(Extracted records)
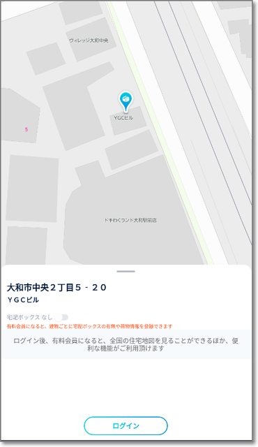 有料登録しないと、ゼンリン地図(表札情報まで表示)や荷物登録の利用はできません。
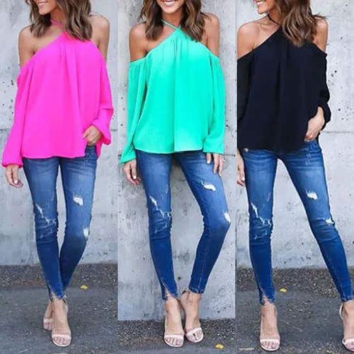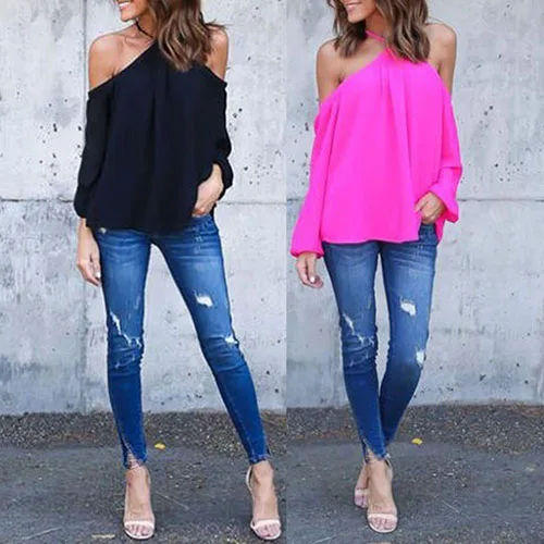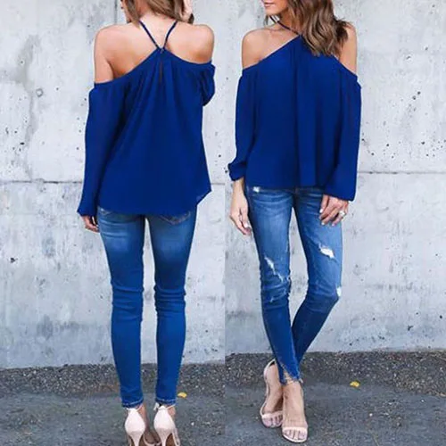 Сексуальное женское летнее платье с лямкой на шее с открытыми плечами, длинный рукав, блузка из шифона Футболка Топ
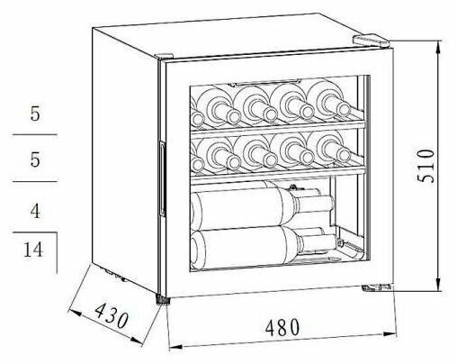 | Емкость винного шкафа, бут. | 14 |
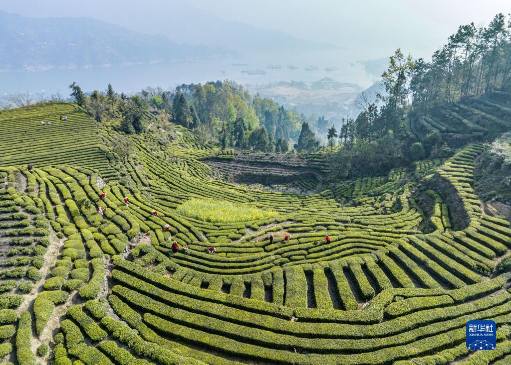 清明临近,三峡库区湖北省秭归县“明前茶”进入采摘高峰期。当地茶农在茶园内抢采茶叶嫩芽,忙碌的身影与秀美的茶园构成一幅幅美丽的图画。
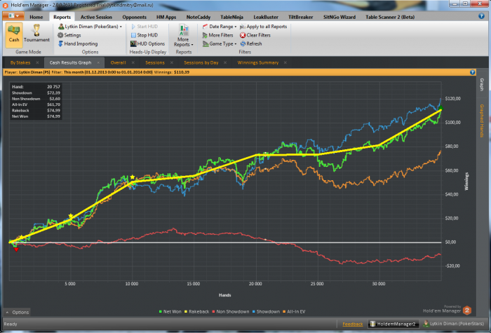 Вечерняя сессия состоялась в принципе удачно, неожиданностей не было особых, единственное, яма на графике выставления постфлоп и переезды на ривере как обычно, но это нормальное явление. Хотя смотря на график выставление в мою пользу. Завтра продолжим, будет утром сессия и в обед.
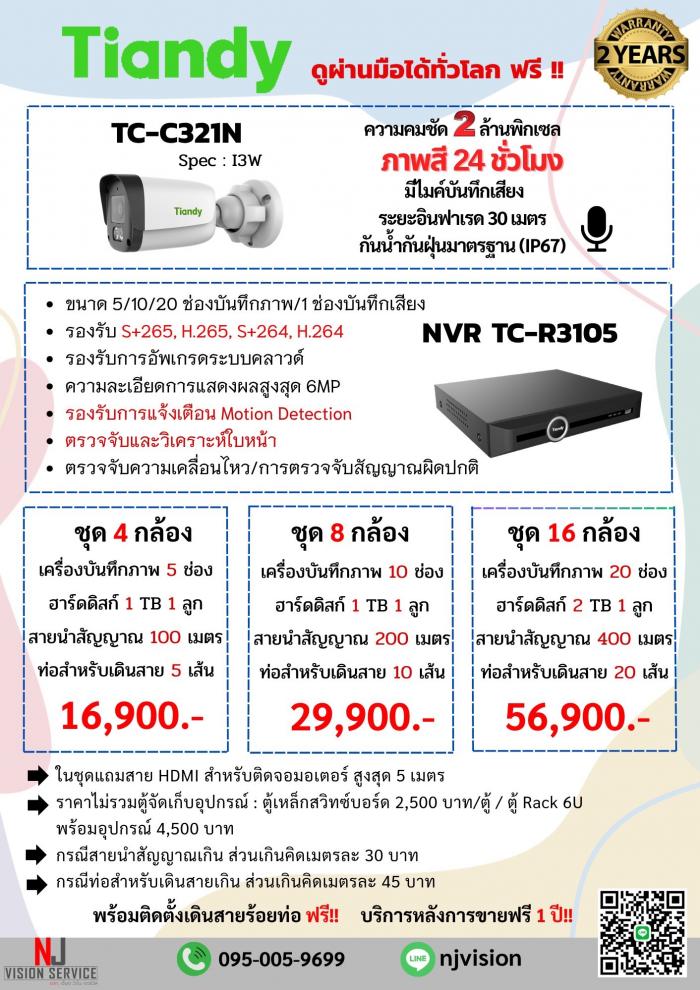 ชุดกล้อง Tiandy IP CAMERA 2ล้านพิกเซล ภาพสีกลางวัน-กลางคืนขาวดำ (มีไมค์บันทึกเสียง)

_Activity_
Having removed the pictures, write out the records exactly as they stand.

_Response area_
 有料登録しないと、ゼンリン地図(表札情報まで表示)や荷物登録の利用はできません。
 Сексуальное женское летнее платье с лямкой на шее с открытыми плечами, длинный рукав, блузка из шифона Футболка Топ
 | Емкость винного шкафа, бут. | 14 |
 清明临近,三峡库区湖北省秭归县“明前茶”进入采摘高峰期。当地茶农在茶园内抢采茶叶嫩芽,忙碌的身影与秀美的茶园构成一幅幅美丽的图画。
 Вечерняя сессия состоялась в принципе удачно, неожиданностей не было особых, единственное, яма на графике выставления постфлоп и переезды на ривере как обычно, но это нормальное явление. Хотя смотря на график выставление в мою пользу. Завтра продолжим, будет утром сессия и в обед.
 ชุดกล้อง Tiandy IP CAMERA 2ล้านพิกเซล ภาพสีกลางวัน-กลางคืนขาวดำ (มีไมค์บันทึกเสียง)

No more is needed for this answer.